◆ **EXERCISE**: Using the records below, give again exactly the lines from the line that contains "Figure 5: PCE" through the line that contains "In November 2016, CAHFSA", both ends included, and only those.

◆ **RECORDS FOR THIS EXERCISE**:

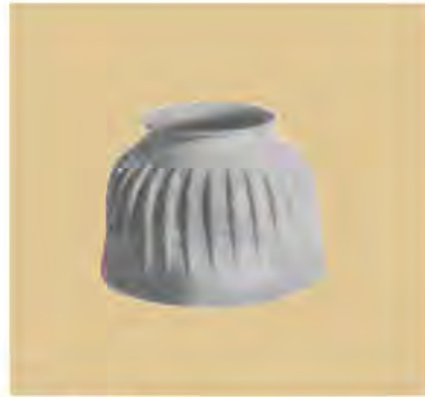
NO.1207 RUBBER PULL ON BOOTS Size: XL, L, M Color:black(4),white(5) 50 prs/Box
...
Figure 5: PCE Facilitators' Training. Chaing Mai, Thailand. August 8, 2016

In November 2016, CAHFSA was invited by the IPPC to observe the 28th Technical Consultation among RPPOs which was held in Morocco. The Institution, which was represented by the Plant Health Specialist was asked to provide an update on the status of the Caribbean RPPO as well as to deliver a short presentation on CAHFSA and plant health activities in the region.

◆ **TASK RESULT**:
Figure 5: PCE Facilitators' Training. Chaing Mai, Thailand. August 8, 2016

In November 2016, CAHFSA was invited by the IPPC to observe the 28th Technical Consultation among RPPOs which was held in Morocco. The Institution, which was represented by the Plant Health Specialist was asked to provide an update on the status of the Caribbean RPPO as well as to deliver a short presentation on CAHFSA and plant health activities in the region.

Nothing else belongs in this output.